“You are anti-development” they said angrily, “You are opposed to development. You don’t want any development projects”.
She looked back at him, astonished, not knowing where to start. Her eyes betrayed the hurt, the pain and agony.
Her friend looked at them. Then he looked at her. He looked back at them.
“The ‘environment’ is where we all live; and ‘development’ is what we all do in attempting to improve our lot within that abode.” he responded quietly, “Gro Harlem Brundtland said that”.
“Who?” they heckled.
“Former Prime Minister of Norway, and Chairperson of World Commission on Environment and Development. She said that in her foreword to the report of her Commission in March 1987” she butted in, “her message was directed towards people, whose wellbeing is the ultimate goal of all environment and development policies”.
“How can you have wellbeing without development if you focus on the environment?” they said sarcastically.
“If we cannot sustain breathable air, cannot sustain abundant flow of water, lack the ability to sustain food cultivation, and cannot sustain human relationships, everything you call development will be destroying the environment” he said softly, “It will be unsustainable. It will not improve our lot within our abode”.
“As Brundtland points out, many of the development paths are clearly unsustainable.
And the development decisions of these governments, because of their great economic and political power, will have a profound effect upon the ability of all peoples to sustain human progress for generations to come” he added.

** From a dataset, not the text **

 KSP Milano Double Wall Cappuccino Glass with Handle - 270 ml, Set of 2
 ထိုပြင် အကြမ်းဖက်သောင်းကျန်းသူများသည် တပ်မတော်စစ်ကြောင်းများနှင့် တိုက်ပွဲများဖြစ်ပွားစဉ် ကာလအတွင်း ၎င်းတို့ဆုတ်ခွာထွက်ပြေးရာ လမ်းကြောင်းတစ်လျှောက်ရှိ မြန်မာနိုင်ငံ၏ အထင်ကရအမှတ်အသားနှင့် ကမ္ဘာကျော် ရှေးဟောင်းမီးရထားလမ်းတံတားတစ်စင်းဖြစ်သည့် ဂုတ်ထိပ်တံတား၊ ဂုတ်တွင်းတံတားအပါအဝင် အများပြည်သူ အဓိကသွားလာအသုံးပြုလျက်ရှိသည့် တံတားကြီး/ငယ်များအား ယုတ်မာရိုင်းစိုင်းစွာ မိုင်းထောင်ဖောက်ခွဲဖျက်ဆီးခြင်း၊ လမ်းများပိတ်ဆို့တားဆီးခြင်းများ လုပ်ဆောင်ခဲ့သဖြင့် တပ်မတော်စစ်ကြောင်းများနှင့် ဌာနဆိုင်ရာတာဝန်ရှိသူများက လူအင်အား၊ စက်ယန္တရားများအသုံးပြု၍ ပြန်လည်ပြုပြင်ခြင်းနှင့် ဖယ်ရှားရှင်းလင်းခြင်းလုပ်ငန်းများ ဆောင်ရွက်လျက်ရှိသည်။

“On the development side, in terms of absolute numbers there are more hungry people in the world than ever before, and their numbers are increasing. So are the numbers who cannot read or write, the numbers without safe air or safe water or safe and sound homes, and the numbers short of human relationships with which to continue to be part of communities themselves. The gap between rich and poor is widening – not shrinking – and there is little prospect, given present trends and institutional arrangements, that this process will be reversed.” she highlighted. She looked at their hostile faces.
She continued, “Each year another 12 million hectares of productive dryland turns into worthless desert. More than 29 million hectares of forests are destroyed yearly, and this, over three decades, would equal an area about the size of India.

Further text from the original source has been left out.